Ghost-riding, frequently used in the context of "ghost-riding the whip" (a "whip" being a vehicle) or simply ghostin', is when a person puts a vehicle's transmission in gear then exits the vehicle while it is still rolling to dance beside it or on the hood or roof.[1]

Ghost riding is an activity that has been practiced in the San Francisco Bay Area for many years during what are called sydeshows. The popularization of ghost riding the whip is a byproduct of the popularity of Bay Area music and hyphy culture in general. The term "ghost ride the whip" was given nationwide exposure in E-40's 2006 song "Tell Me When to Go".[2] Oakland rapper Mistah F.A.B.'s hit song "Ghost Ride It", further popularized the term due to the song's consistent playtime on radio and television stations throughout the United States. The song references actor Patrick Swayze, lead star in the 1990 film Ghost,[3] sparking internet references to ghost riding as "going (Patrick) Swayze". Finally, ghost riding is a minigame in the hip-hop-culture-centered video game Pimp My Ride.[4]

As with car surfing, ghost riding can be dangerous and has resulted in two known deaths in North America.[5] However, some websites claim that ghostriding is responsible for up to eight deaths in the United States.[6] Ghost riding is often featured in similarly risky urban sideshows, which also originated in Oakland, CA.[3]
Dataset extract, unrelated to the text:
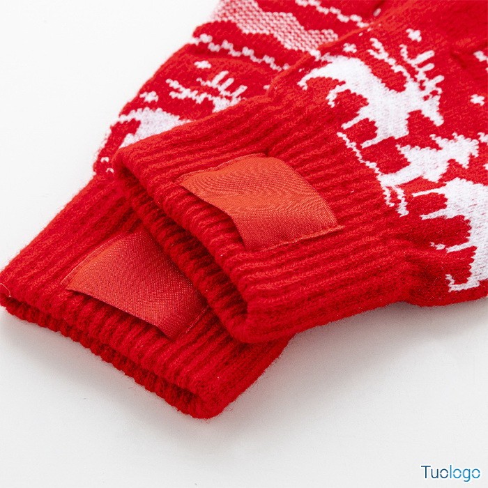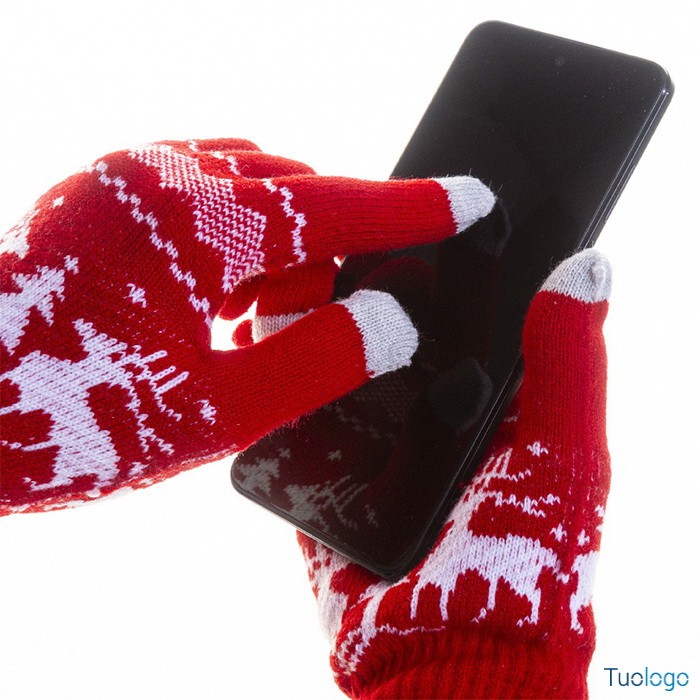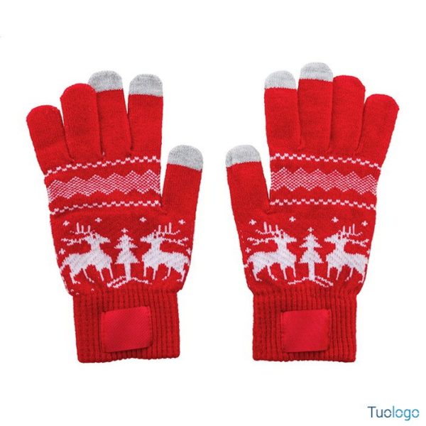 Guanti natalizi Chanan. Guanti natalizi in acrilico lavorati a maglia con patch stampabili e 3 polpastrelli capacitivi. Disponibili in taglia unica per adulti.

  1. ^ Flambosting the hyphy nation. Steve Jones, April 13, 2006. Last accessed January 6, 2007.
  2. ^ Ghost-riding: Another bad idea from California. Paul Farhi, Washington Post. January 8, 2007. Last accessed January 10, 2007.
  3. ^ a b Farhi, Paul. "Ghost-Riding: Brake-Dancing With Zip Under the Hood", The Washington Post, December 27, 2006, p. C01. Accessed October 18, 2007.
  4. ^ Pimp My Ride GameSpot Review. December 18, 2006. Last accessed January 6, 2007.
  5. ^ "Hip-Hop Car Stunt Leaves 2 Dead"
  6. ^ [1]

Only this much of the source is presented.